I was given to understand that with official Tensorflow v2.5 installed and the environment variable TF_ENABLE_ONEDNN_OPTS=1 set (reference), the quantized model is supposed to run with oneDNN supported. But it doesn't seem to be the case in neither v2.4 nor v2.5.
My question is how do I have official Tensorflow 2.5 environment with oneDNN support without having to install Intel-Tensorflow? Or why does Intel-Tensorflow 2.5 not work? Thanks.
LPOT is released in Intel® AI Analytics Toolkit and works with Intel Optimization of TensorFlow. The LPOT can run on any Intel CPU to quantize the AI model. Intel Optimized TensorFlow 2.5.0 requires setting environment variable
TF_ENABLE_MKL_NATIVE_FORMAT=0before running LPOT quantization or deploying the quantized model.Please refer to this for more information.
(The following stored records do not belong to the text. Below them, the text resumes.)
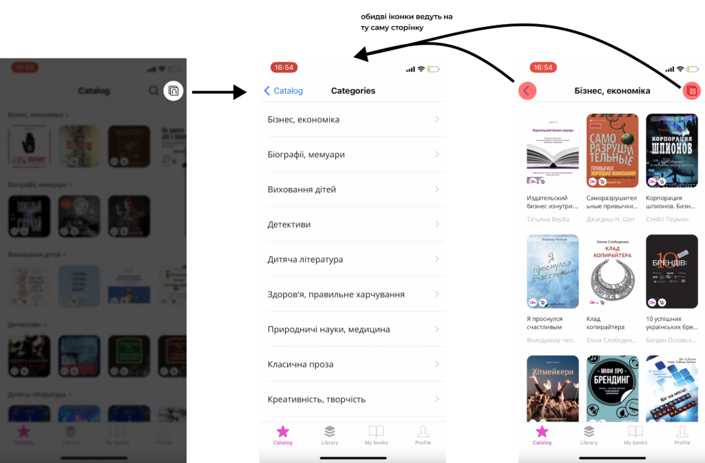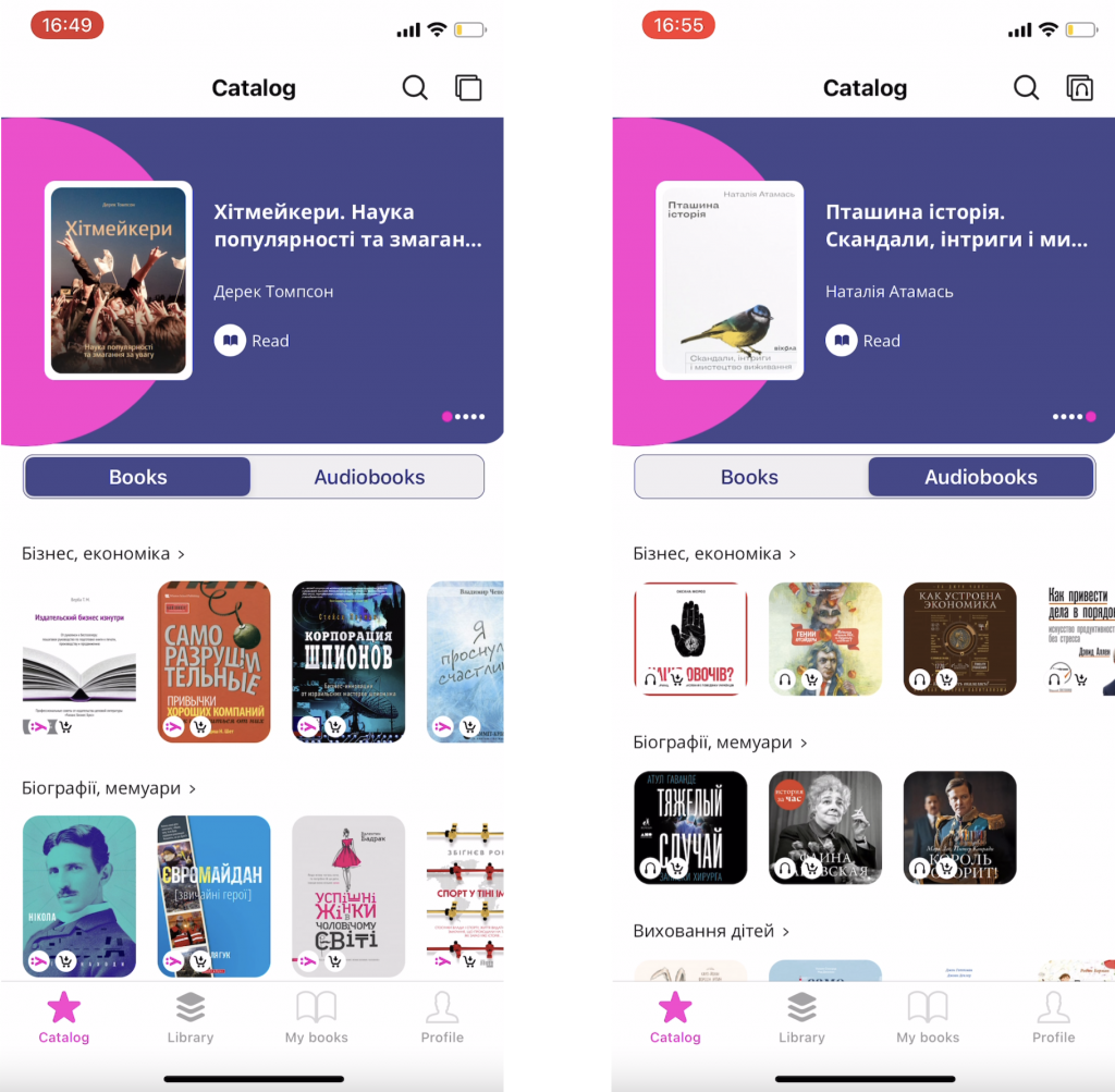 Каталог — це стартова сторінка, яка має давати користувачеві швидкий доступ до потрібної йому інформації. Рекомендації було б добре персоналізувати як на Нетфліксі. І розробники це чудово розуміють, бо на промо матеріалах додаток має і «Топ книг з високим рейтингом» і «Топ аудіокниг».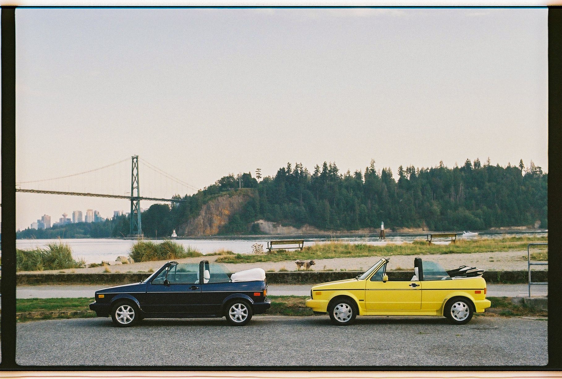 They are both MK1 Volkswagen Golf Cabriolets, made in Germany, have 5-speed manual transmissions, 1.8L engines, and a threatening 94 horsepower. You don’t get anywhere fast, but if you’re driving a Cabriolet, you have already arrived.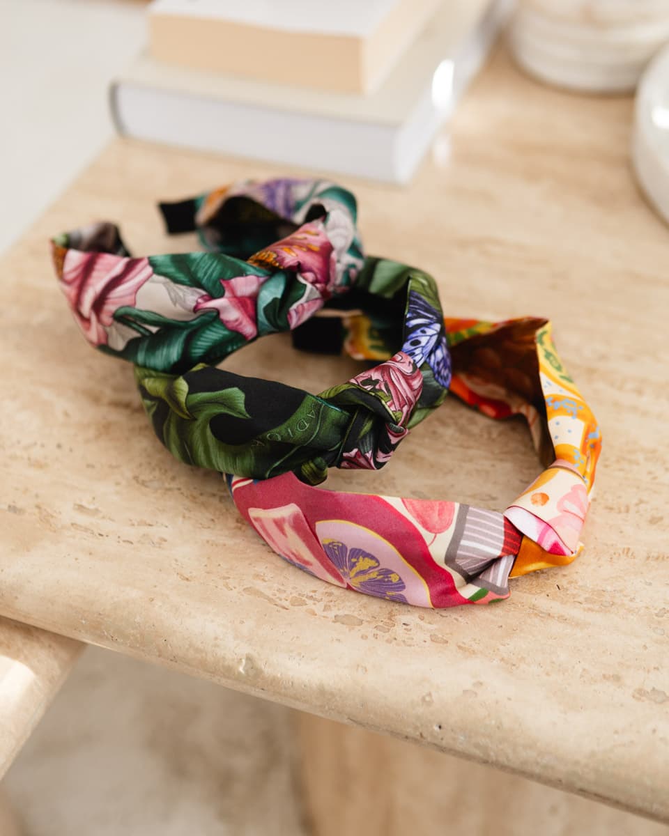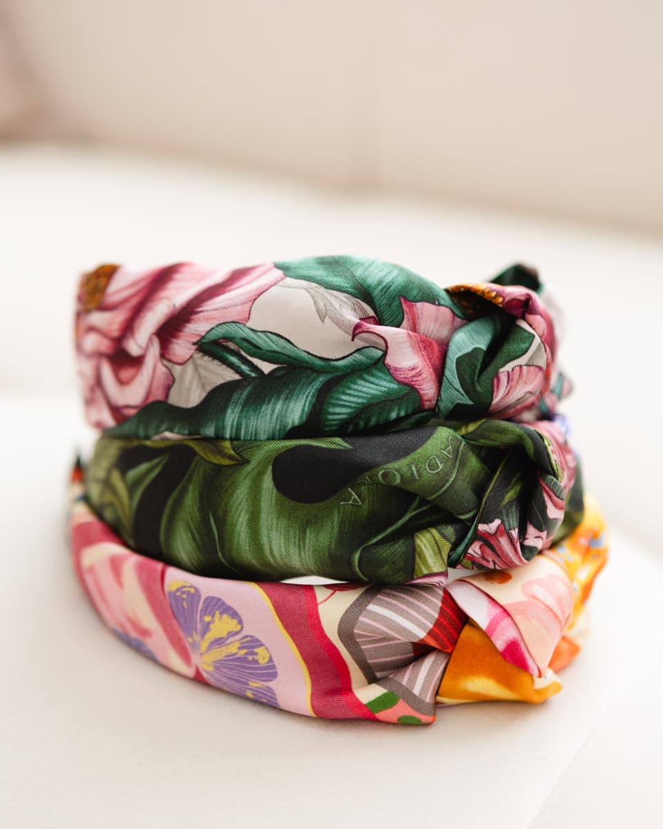 At the request of all those who claim to be all thumbs when it comes to tying scarves, we have created a classic hair band.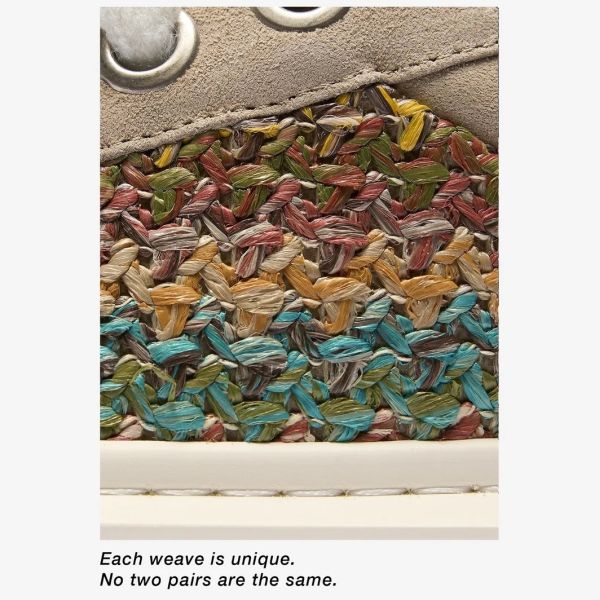 • Hergestellt aus italienischem Wildleder und geflochtenem Raffia-Seil.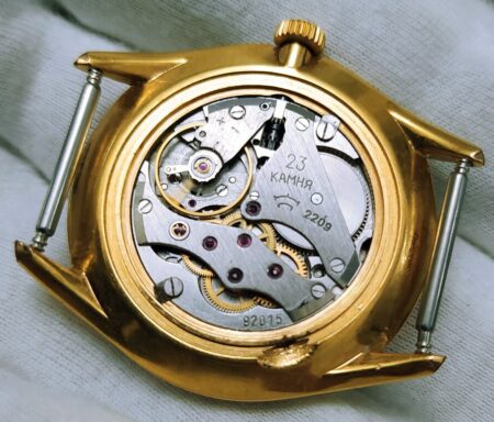 Mentions sur le mécanisme: N° de série (92015) sur un pont, 23 камней 2209 et logo Raketa sur le pont.

Could you please check whether you quantized the model in Tensorflow in 2.4 and running the inference on Tensorflow 2.5? A plausible explanation of the model not running in Tensorflow 2.5 and running in Tensorflow 2.4 is that the operators supporting Tensorflow 2.5 may not support the model created in Tensorflow 2.4.